RECORDS SHOWN section start

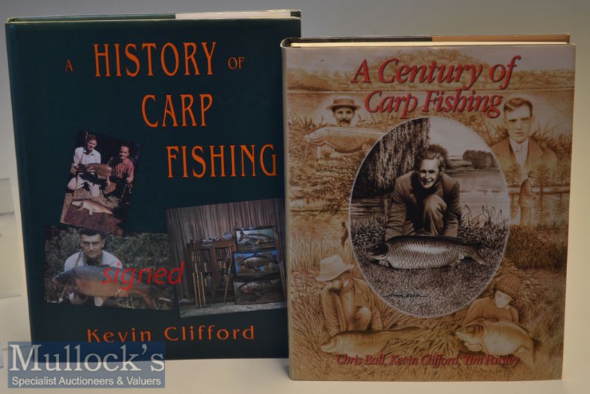 2x Carp Fishing Books signed – Clifford, Kevin signed – “A History of Carp Fishing” 1st ed 1992 – illustrations c/w dust jacket and signed and dated by the author to the front free end plate comes with Erratum leaflet (VG); Chris Ball, Kevin Clifford, Tim Paisley - “A Century of Carp Fishing” 1st edition 2000 signed by Chris Paul to the main title page with dedication - numerous illustrations throughout comes in the original dust jacket (VG)
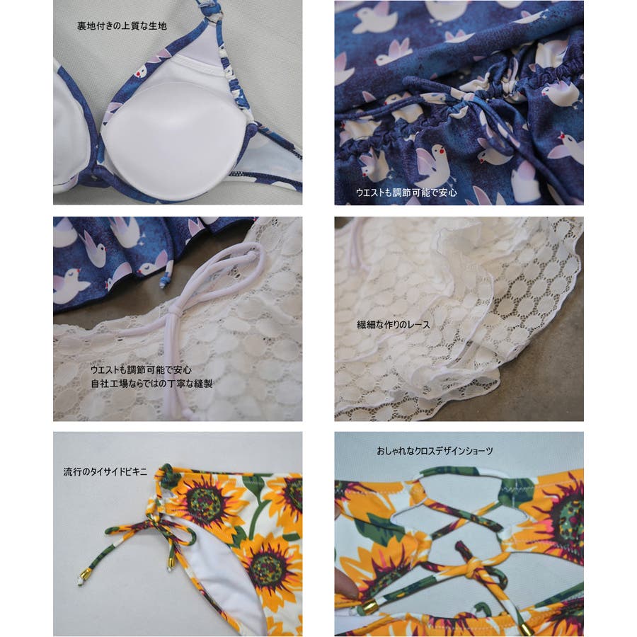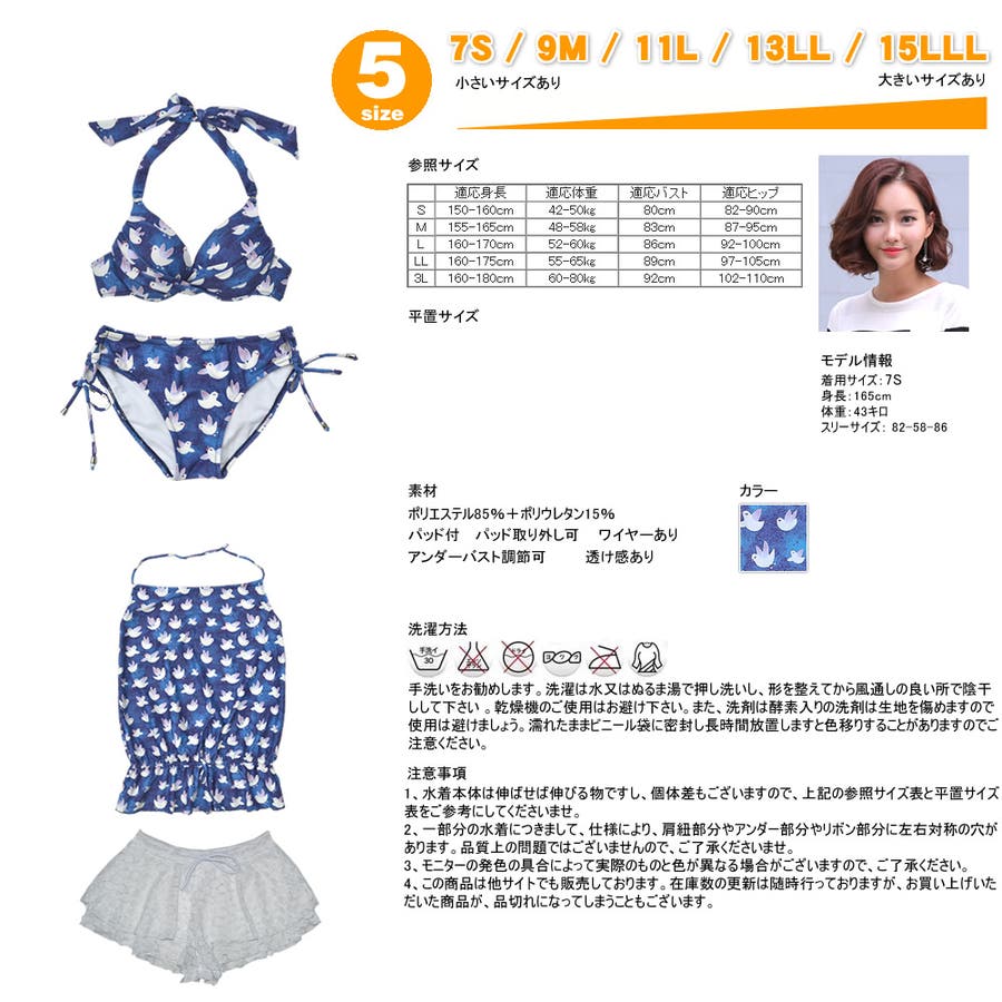 | 注意事項 | 1、水着本体は伸ばせば伸びる物ですし、個体差もございますので、上記の参照サイズ表と平置サイズ表をご参考にしてくださいませ。 2、一部分の水着につきまして、仕様により、肩紐部分やアンダー部分に左右対称の穴があります。品質上の問題ではございませんので、ご了承くださいませ。 3、こちらの商品は返品、交換を承っております。どうぞご安心してお買い物をお楽しみください。 返品、交換の送料及び手数料については、初期不良またはご注文と異なる場合は当社が負担致します。 それ以外の場合、往復送料(送料サービスも無効)、手数料をお客様にご負担頂きますので、ご了承くださいませ。 4、モニターの発色の具合によって実際のものと色が異なる場合がございますので、ご了承ください。 5、この商品は他サイトでも販売しております。在庫数の更新は随時行っておりますが、お買い上げいただいた商品が、品切れになってしまうこともございます。 水着レディース:ビキニ:4点セット | ||||||||||||||||||||||||||||||
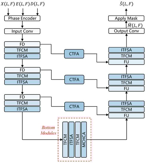 In previous research conducted by [15], it has been proven that FD and FU modules are successful in extracting information at different scales. In the encoder, FD gradually reduces the spatial size of the input and extracts more abstract and advanced information from the signal. In the decoder section, FU restores the spatial details of the signal and combines the previously extracted high-level information with low-level information to transmit more contextual information and enhance the DNN’s ability to recover details. Inspired by their works, we integrate FD and FU modules into our MSTFUNet. Moreover, to enhance the network’s ability to capture time-frequency information, we introduce TFCM, and ITFSA components at each scale.
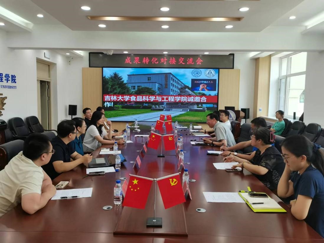 7月10日上午,吉大科研院科技开发办公室副主任王寿珍偕同吉浙合作科创服务中心秘书长曲雯婷及长春市企业富晟投资公司总监刘思克等一行人来到色情论坛 ,上门对接成果转化与交流。学院院长张铁华,副院长叶海青、孙春燕,食品安全系主任袁媛、教授董周永等人参加了交流。
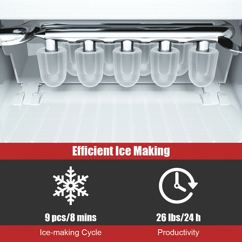 Efficient Ice Maker:Featuring with fast and efficient function, this portable ice maker machine only spends 8 minutes making 9 pcs delicious and chewable bullet-shaped ice, saving your time to make yummy food and drinks. And it can produce 26 lbs of ice each day to provide enough ice for you. SimpleControl Panel:Equipped with easy control panel and transparent lid, this compact ice maker not only offers self-cleaning function which offers great convenience for you, but also allows you to check the progress. Quiet Operation: Coming with 45 dB low noise operation, this electric ice making machine will not disturb your daily work and activity while achieving low consumption. And the evaporators are made of pure copper with plating which are highly efficient and sturdy. Portable Compact Design: Measuring with 12'' x 9'' x 12'' (L x W x H) in dimension, this countertop ice maker machine with 70'' power cord is suitable for home, office, party and bar, enjoying delicious food in anywhere. And the portable and compact design allows you to carry and store with ease. Sweet Accessories: This premium ice maker includes an ice scoop and a removable basket, allowing you to take out the ice easily. And the ETL certification ensures your safety. Also, non-slip foot pads provide strong stability.
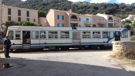 Une petite gare et un petit train (un seul wagon) qui parcourt la ligne Calvi - L'Ile Rousse
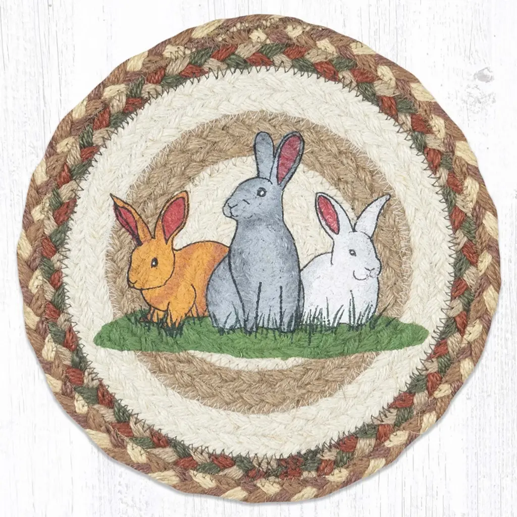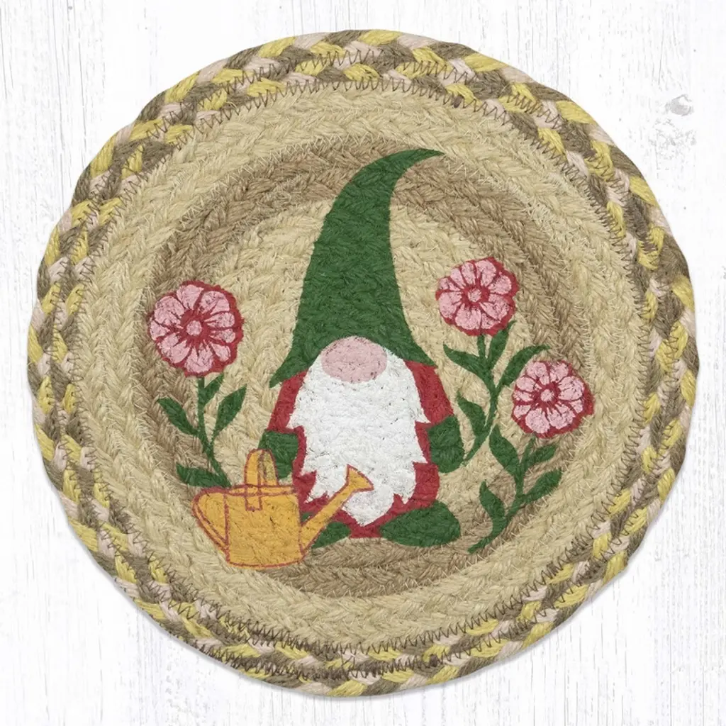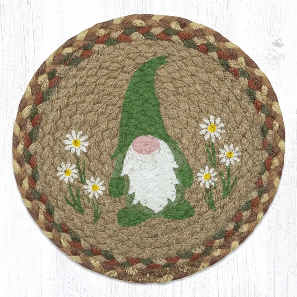 Earth Rugs Whimsical Garden Jute Trivet – 10" Round Braided Mat With Sunflower Gnome Design

RECORDS SHOWN section end

WHAT TO WORK ON →
Can you retype every record above exactly, leaving out the pictures?

TASK OUTPUT →
 2x Carp Fishing Books signed – Clifford, Kevin signed – “A History of Carp Fishing” 1st ed 1992 – illustrations c/w dust jacket and signed and dated by the author to the front free end plate comes with Erratum leaflet (VG); Chris Ball, Kevin Clifford, Tim Paisley - “A Century of Carp Fishing” 1st edition 2000 signed by Chris Paul to the main title page with dedication - numerous illustrations throughout comes in the original dust jacket (VG)
 | 注意事項 | 1、水着本体は伸ばせば伸びる物ですし、個体差もございますので、上記の参照サイズ表と平置サイズ表をご参考にしてくださいませ。 2、一部分の水着につきまして、仕様により、肩紐部分やアンダー部分に左右対称の穴があります。品質上の問題ではございませんので、ご了承くださいませ。 3、こちらの商品は返品、交換を承っております。どうぞご安心してお買い物をお楽しみください。 返品、交換の送料及び手数料については、初期不良またはご注文と異なる場合は当社が負担致します。 それ以外の場合、往復送料(送料サービスも無効)、手数料をお客様にご負担頂きますので、ご了承くださいませ。 4、モニターの発色の具合によって実際のものと色が異なる場合がございますので、ご了承ください。 5、この商品は他サイトでも販売しております。在庫数の更新は随時行っておりますが、お買い上げいただいた商品が、品切れになってしまうこともございます。 水着レディース:ビキニ:4点セット | ||||||||||||||||||||||||||||||
 In previous research conducted by [15], it has been proven that FD and FU modules are successful in extracting information at different scales. In the encoder, FD gradually reduces the spatial size of the input and extracts more abstract and advanced information from the signal. In the decoder section, FU restores the spatial details of the signal and combines the previously extracted high-level information with low-level information to transmit more contextual information and enhance the DNN’s ability to recover details. Inspired by their works, we integrate FD and FU modules into our MSTFUNet. Moreover, to enhance the network’s ability to capture time-frequency information, we introduce TFCM, and ITFSA components at each scale.
 7月10日上午,吉大科研院科技开发办公室副主任王寿珍偕同吉浙合作科创服务中心秘书长曲雯婷及长春市企业富晟投资公司总监刘思克等一行人来到色情论坛 ,上门对接成果转化与交流。学院院长张铁华,副院长叶海青、孙春燕,食品安全系主任袁媛、教授董周永等人参加了交流。
 Efficient Ice Maker:Featuring with fast and efficient function, this portable ice maker machine only spends 8 minutes making 9 pcs delicious and chewable bullet-shaped ice, saving your time to make yummy food and drinks. And it can produce 26 lbs of ice each day to provide enough ice for you. SimpleControl Panel:Equipped with easy control panel and transparent lid, this compact ice maker not only offers self-cleaning function which offers great convenience for you, but also allows you to check the progress. Quiet Operation: Coming with 45 dB low noise operation, this electric ice making machine will not disturb your daily work and activity while achieving low consumption. And the evaporators are made of pure copper with plating which are highly efficient and sturdy. Portable Compact Design: Measuring with 12'' x 9'' x 12'' (L x W x H) in dimension, this countertop ice maker machine with 70'' power cord is suitable for home, office, party and bar, enjoying delicious food in anywhere. And the portable and compact design allows you to carry and store with ease. Sweet Accessories: This premium ice maker includes an ice scoop and a removable basket, allowing you to take out the ice easily. And the ETL certification ensures your safety. Also, non-slip foot pads provide strong stability.
 Une petite gare et un petit train (un seul wagon) qui parcourt la ligne Calvi - L'Ile Rousse
 Earth Rugs Whimsical Garden Jute Trivet – 10" Round Braided Mat With Sunflower Gnome Design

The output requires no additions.